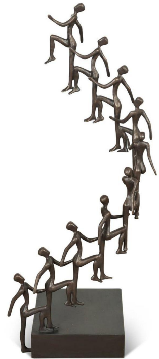
Artist proof's bronze sculpture on a brass base by Tolla Inbar (German/Israeli), titled Sky is the Limit , impressive at 45 ½ inches tall by 19 inches wide, #8 of 8 ($20,570).

Ahlers & Ogletree is a multi-faceted, family-owned business that spans the antiques, estate sale, wholesale, liquidation, auction and related industries. Ahlers & Ogletree is always seeking quality consignments for future auctions. To consign an item, an estate or a collection, you may call them at 404-869-2478; or, you can send them an e-mail, at info@aandoauctions.com .
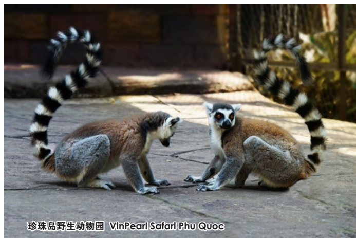
珍珠岛野生动物园 VinPearl Safari Phu Quoc
▬▬▬
WHAT THIS TASK INVOLVES »
Give back the listing exactly, with the pictures removed.

ANSWER TO THE EXERCISE »
Artist proof's bronze sculpture on a brass base by Tolla Inbar (German/Israeli), titled Sky is the Limit , impressive at 45 ½ inches tall by 19 inches wide, #8 of 8 ($20,570).

Ahlers & Ogletree is a multi-faceted, family-owned business that spans the antiques, estate sale, wholesale, liquidation, auction and related industries. Ahlers & Ogletree is always seeking quality consignments for future auctions. To consign an item, an estate or a collection, you may call them at 404-869-2478; or, you can send them an e-mail, at info@aandoauctions.com .
珍珠岛野生动物园 VinPearl Safari Phu Quoc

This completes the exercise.